Commissioner Bonner is confident that all 20 of the world's major seaports will soon be participating in CSI. When it happens, CSI teams will have access to 70 percent of all the containers bound for the U.S. - a huge step forward. Right now, CSI teams across the world are just happy to be making a difference. But they aren't doing it alone. Word continues to filter back that the customs administrations of host countries are doing their part as well, reaching out to U.S. teams overseas and offering one-on-one support to Americans far away from home, far from the familiar borders that, before September 11th, marked the edges of what seemed to be a safer and smaller world.

Container Security Initiative (CSI) logo
CSI is an initiative that was developed by U.S. Customs, now Customs and Border Protection, in the aftermath of the terrorist attacks of September 11th. Now located in the Department of Homeland Security, Customs and Border Protection (CBP) is continuing to implement CSI at major ports around the world. Under the CSI program, a small number of CBP officers are deployed to work with host nation counterparts to target high-risk cargo containers. Its purpose is to protect containerized shipping from exploitation by terrorists. Containerized shipping is a critical component of global trade because most of the international trade moves or is transported in cargo containers.

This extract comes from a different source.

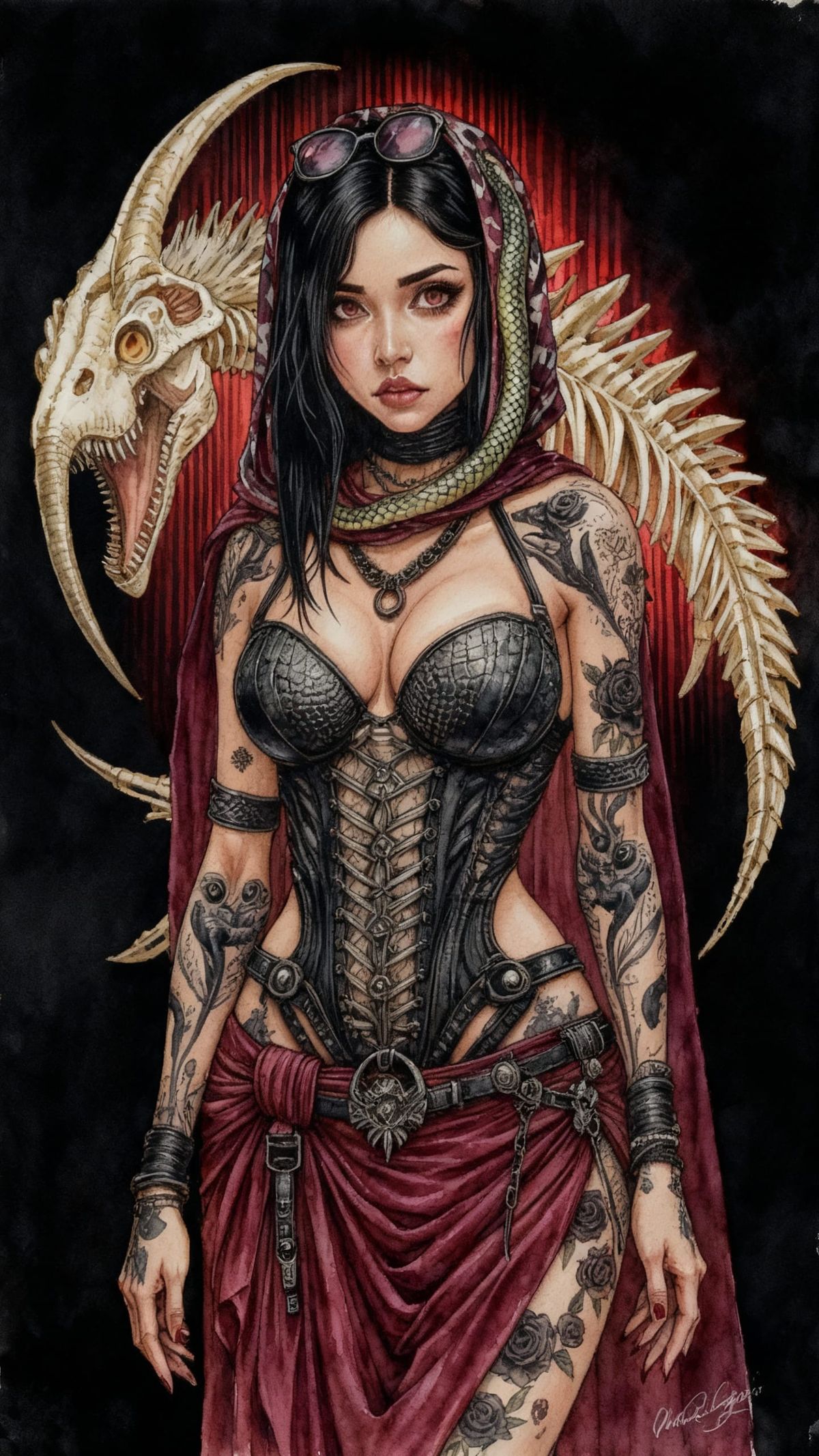 A limited-palette water-colour painting of a young woman (cobra-pattern black/scarlet sari and corset; eel-pattern headscarf; black-rose pattern full-body tattoos) standing in front of a dire-wolf (made of velociraptor bones). Maroon/scarlet striated gradient lighting; intricate details; perfect anatomy; ...

To date, 18 of the top 20 ports have agreed to join CSI and are at various stages of implementation. These ports are points of passage for approximately two-thirds of cargo containers shipped to the United States. They include (by container cargo volume): Hong Kong, Shanghai, Singapore, Rotterdam, Pusan, Bremerhaven, Tokyo, Genoa, Yantian, Antwerp, Nagoya, Le Havre, Hamburg, La Spezia, Felixstowe, Algeciras, Kobe, and Yokohama.

CSI consists of four core elements: 1) using intelligence and automated information to identify and target high-risk containers; (2) pre-screening those containers identified as high-risk, at the port of departure, before they arrive at U.S. ports; (3) using detection technology to quickly pre-screen high-risk containers; and (4) using smarter, tamper-evident containers.

Globally, more than 48 million full cargo containers move between major seaports each year. Each year, more than 6 million containers arrive in the United States by ship.

Most recently, the governments of Malaysia and Sweden have joined CSI. In Europe, CBP is looking to expand CSI to at least 11 additional ports.

The CSI initiative supports the "Cooperative G8 Action on Transport Security" adopted by G8 in June 2002.